▸ **INFORMATION SUPPLIED**
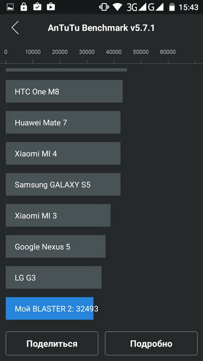 Быстродействие по AnTuTu - 32 493. Это вполне прилично. У Elephone P7000 эта программа выдала 36 197, а он покруче и дороже.
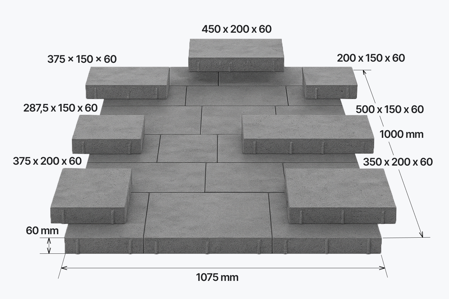 Бетонная тротуарная плитка «Велле» — мультиформат, состоящий из 7 взаимозаменяемых разноразмерных элементов мощения, толщиной 60 мм.
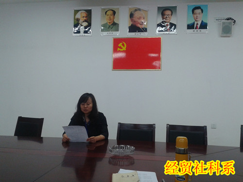 (通讯员: 周星岚)根据系党总支统一部署,教工党支部于5月14日下午在系党员活动室以“如何在双创工作中做一名合格的党员”为主题开展了一场意义深刻的专题民主生活会。参会人员有系总支书记谭境佳、副书记曾丹及经贸系全体教工党员,会议由教工支部书记周星岚主持,会议主旨是把巩固学习实践科学发展观活动落实到“双创”攻坚冲刺阶段的具体实践之中,充分发挥党组织的宣传动员、组织引导作用和党员的先锋模范、典型带动作用,把全体党员推向“双创”攻坚第一线,为“双创”工作提供坚强的组织基础和人员保障,确保文明高校和示范性高职院校创建顺利通过验收。
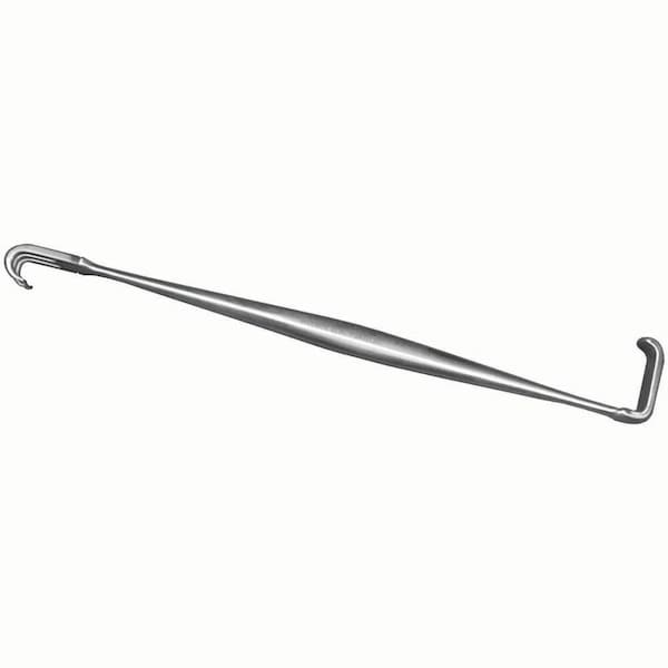 Double end retractor. Three sharp hooks on one end and a wide plate on the other end. 16cm (61/4").

▸ **ACTION ITEM**
Pictures are to be omitted. Output verbatim only the lines from the one holding "Бетонная тротуарная плитка" through the end of the material, both included.

▸ **RESULT OF THIS TASK**
 Бетонная тротуарная плитка «Велле» — мультиформат, состоящий из 7 взаимозаменяемых разноразмерных элементов мощения, толщиной 60 мм.
 (通讯员: 周星岚)根据系党总支统一部署,教工党支部于5月14日下午在系党员活动室以“如何在双创工作中做一名合格的党员”为主题开展了一场意义深刻的专题民主生活会。参会人员有系总支书记谭境佳、副书记曾丹及经贸系全体教工党员,会议由教工支部书记周星岚主持,会议主旨是把巩固学习实践科学发展观活动落实到“双创”攻坚冲刺阶段的具体实践之中,充分发挥党组织的宣传动员、组织引导作用和党员的先锋模范、典型带动作用,把全体党员推向“双创”攻坚第一线,为“双创”工作提供坚强的组织基础和人员保障,确保文明高校和示范性高职院校创建顺利通过验收。
 Double end retractor. Three sharp hooks on one end and a wide plate on the other end. 16cm (61/4").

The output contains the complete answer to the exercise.